Вчерашний мир. Воспоминания европейца - Стефан Цвейг
Шрифт:
Интервал:
Закладка:
Другим таким сыном двух наций был Ферруччо Бузони, по рождению и воспитанию итальянец, по образу жизни немец. С юношеских лет никого из виртуозов не любил я до такой степени. Когда он сидел за роялем, его глаза излучали чудесный, волшебный свет. Без всяких усилий его руки творили музыку неподражаемой красоты, а сам он, с его одухотворенным запрокинутым лицом, внимал поющей в нем мелодии. Своего рода просветление, казалось тогда, постоянно владеет им. Как часто в концертных залах я, словно зачарованный, смотрел на этот озаренный лик, в то время как звуки, вкрадчиво-тревожащие и вместе с тем серебристо-чистые, проникали в самую душу. И вот я увидел его снова: волосы его были седыми, а под его глазами залегли густые тени печали. «Какой стране я принадлежу? – спросил он меня однажды. – Внезапно пробудившись ночью, я знаю, что во сне говорил по-итальянски. А если затем пишу, то думаю немецкими словами». Его ученики были рассеяны по всему свету – «возможно, один теперь стреляет в другого», – а к главному своему произведению, опере «Доктор Фауст», он еще не отважился приступить, потому что чувствовал себя выбитым из колеи. Чтобы поднять дух, он написал маленькую, легкую, музыкальную одноактную оперу, но туча висела над его головой всю войну. Редко я слышал теперь его замечательный раскатистый, его аретинский смех, который раньше мне так нравился. А однажды я встретил его поздно ночью в зале вокзального ресторана; он один выпил две бутылки вина. Когда я проходил мимо, он окликнул меня. «Глушу! – сказал он, указывая на бутылки. – Пить нельзя! Но иногда необходимо себя именно оглушить, иначе не вынести этого. Музыка помогает не всегда, а вдохновение приходит в гости лишь в добрые часы».
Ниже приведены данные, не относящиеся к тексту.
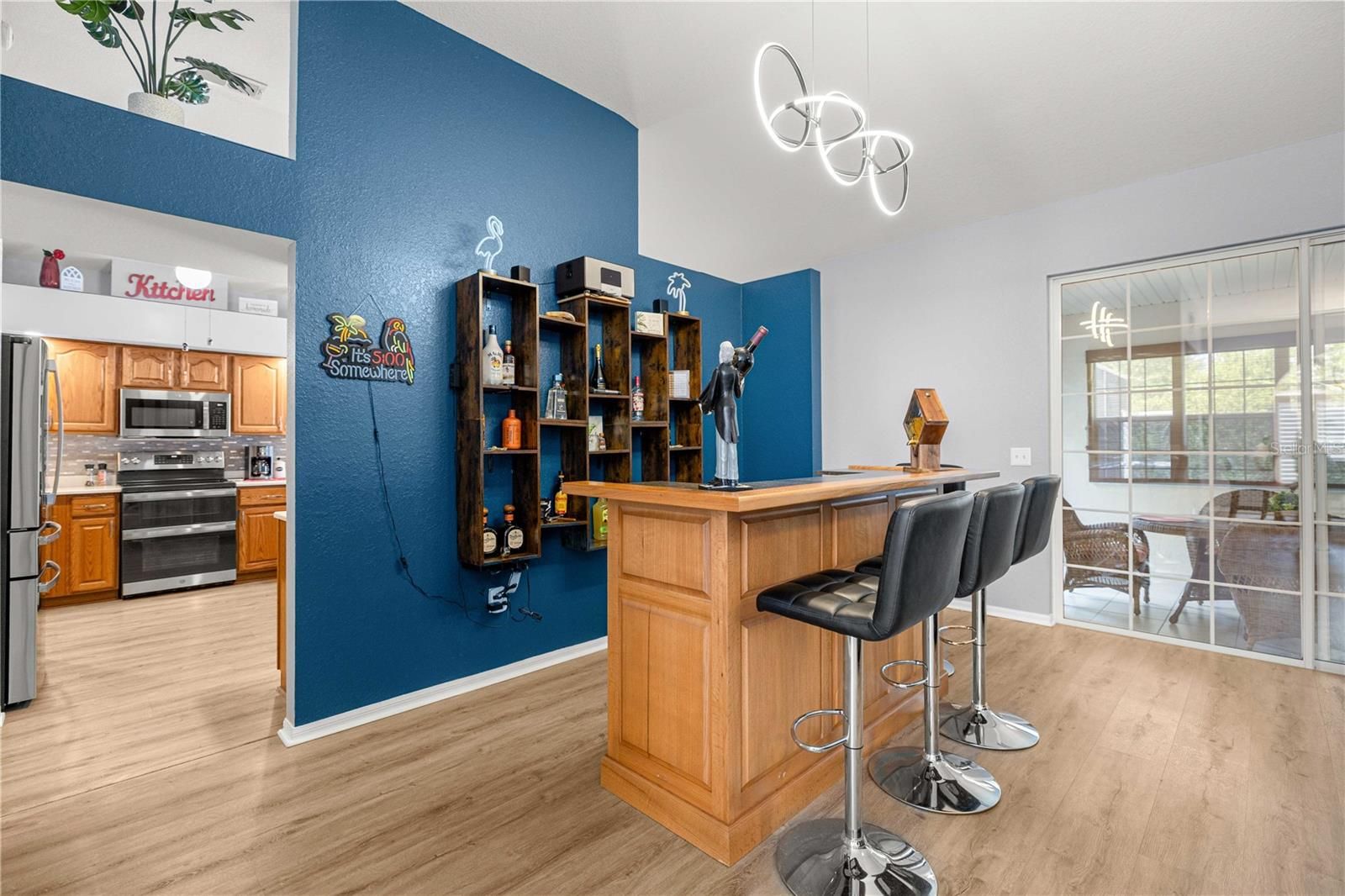 - Cathedral Ceiling(s), Ceiling Fan(s), Dry Bar, Living/Dining Room

Но тяжелее всего, однако, двойственность положения была для эльзасцев, а среди них опять-таки наиболее тяжелой для тех, кто, как Рене Шикеле, сердцем был привязан к Франции, а писал на немецком языке. Война ведь, собственно говоря, шла за их землю, и коса резала прямо посредине через самое сердце. Их хотели разодрать надвое, заставить признать своей хозяйкой или Германию, или Францию, но они ненавидели это «или – или», которое было для них неприемлемо. Они, как и мы все, хотели видеть Германию и Францию сестрами, хотели согласия вместо вражды, а потому страдали за ту и другую, желая благополучия обеим.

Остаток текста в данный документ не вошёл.